Собственно, так оно и получилось, он подготовился кое-как за день или за два до вечера (тянул по вечной своей несобранности и в расчете на авось) — и выступил, и даже целый час говорил о Лермонтове со сцены переполненному залу.

Все сошло почти благополучно, он не провалился, его даже потом хвалили, но боже праведный, что это был за доклад! Дикая смесь, как он теперь представляет, своего детского лепета о Лермонтове и выписок из статьи в энциклопедии самой зрелой поры вульгарного социологизма:

«Сын аристократки, вышедшей против воли родных замуж за бедного дворянина...»

«В этой семейной драме, наложившей отпечаток на психологию поэта, отражается социальный конфликт крепостнической дворянской знати и деклассирующихся слоев дворянства, опускавшихся в ряды непривилегированных классов», и, как говорится, и так далее, и так далее, и тому подобное...

И всю эту смесь собственных школьных полузнаний о Лермонтове и непереваренной чужой учености и выплеснул он, войдя в раж и осмелев, на бедные головы трактористов и комбайнеров, строителей и полеводов, конторщиков, школьников и дошкольников...

Ему и поныне стыдно за далекий и давний тот вечер в их клубе, за тот свой доклад.

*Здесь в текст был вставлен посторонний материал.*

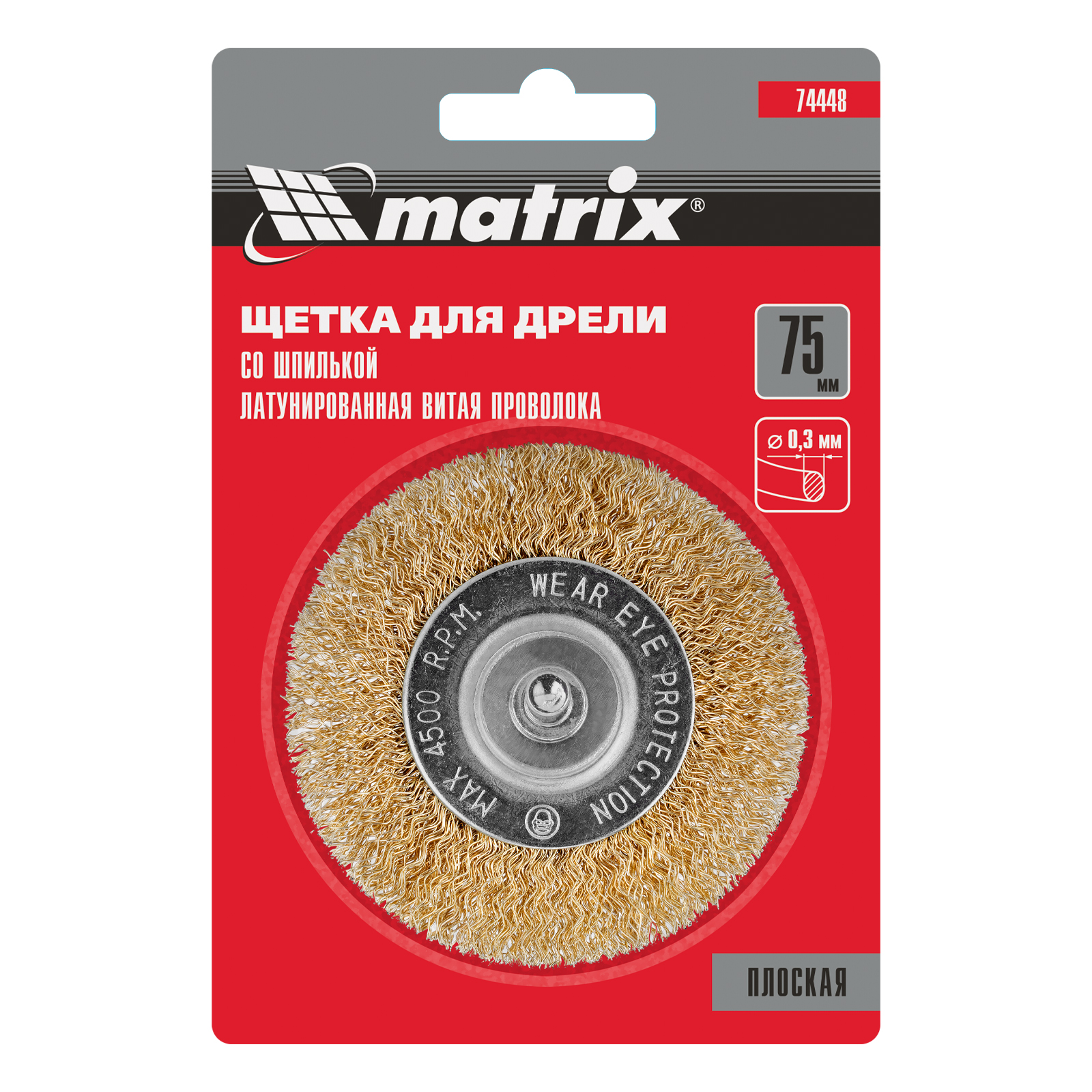 Плоская щетка для дрели Matrix 74448 диаметром 75 мм, со шпилькой и щетиной из латунированной витой проволоки, предназначена для бережной очистки металлических, деревянных, пластиковых поверхностей от загрязнений, старых лакокрасочных материалов и ржавчины. Витая проволока диаметром 0,3 мм проникает в труднодоступные места: пазы, углы, изгибы, узкие участки. Насадку применяют для придания поверхности нужной шероховатости или подчеркивания структуры материала. Хвостовик диаметром 6 мм устанавливается в патрон электродрели, способной работать на рекомендуемой скорости 4500 об/мин. Во время работы следует использовать защитные очки, респиратор, наушники, спецодежду и обувь.

Уж лучше б он просто читал им стихи, читал им самого Лермонтова. Но тем не менее: тогда он не провалился и его все хвалили. Он был, можно даже сказать, героем дня.

...Впрочем, может, он и слишком строг стал с годами к себе — тому давнему совхозному докладчику. Теперь-то, конечно, всего легче судить.

А тогда, уже где-то за полчаса или минут за двадцать до начала, когда зал был давно уже полон и не начинали только из-за того, что собрались еще не все участники художественной самодеятельности, которые должны были выступать после его доклада, стоял он на улице метрах в семидесяти от клуба, в зарослях чертополоха и полыни, куда пришел покурить в одиночестве и успокоиться, собраться с мыслями... и только одна у него была мысль, только одно-единственное желание: в степь бы ему сейчас, в степь, идти и идти не оглядываясь, подальше от этой центральной усадьбы, от этого клуба, от лиц, обращенных к сцене, от сотен глаз, от неизбежного позора...

В самом деле, разве не понимал он, как малы еще его знания, чтоб выступать перед другими, и что не умеет он еще сказать о Лермонтове так, как чувствует его сам и как хотел бы сказать? Он представлял переполненный зал, где уже ждали начала вечера, представлял ребят своей Второй бригады — Петра, Ивана, Алика, Колю Коржа, Горицу... — и чувствовал, как будет — а точно будет — стыдно им за него, их помбригадира, если он вдруг сорвется, провалится, если не получится у него...

Тогда-то, уже там, в бурьяне, в тех зарослях полыни и чертополоха на месте какой-то заброшенной совхозной стройки он, представив себе клубный зал и лица ребят, и изменил вдруг все построение заготовленного своего доклада и решил начинать не с очередной годовщины со дня гибели поэта, не с его автобиографии, не с выписок из статьи в энциклопедии, — а начать со стихов, чтоб и они, в зале, тоже сразу же почувствовали Лермонтова как-то человечески ближе, а не так вот — далекого и чуждого им гениального внука богатой гордой аристократки.

...Солнце уже закатилось, от низины Аята тянуло вечерней свежестью, и в ней как-то особенно остро пахло горечью нагретой за день полыни. Странно: он пока еще ничего не придумал тогда — как именно перестроить свой предстоящий доклад, или, правильнее сказать, свою вольную композицию о Лермонтове, но и почти не боялся теперь. Просто стоял тут, смотрел вдаль на горизонт пшеничных полей, над которыми уже сгущалась первая синева предвечерья, на тихую и прохладную долину Аята, поросшую по обеим берегам речки густым темно-зеленым тальником, на всю эту степь, на беззвездное еще небо над нею... и отчетливо будто увидел в такой же вот час предвечерья свои курские поля и лога, их разбросанные по-над логами и извилистой Ратью российские невзрачные деревни и хутора... и вдруг, может, в первый раз так вот остро тут, на целине в Казахстане, ощутил свою глубокую и постоянную грустную тоску по ним, этим самым курским своим деревням...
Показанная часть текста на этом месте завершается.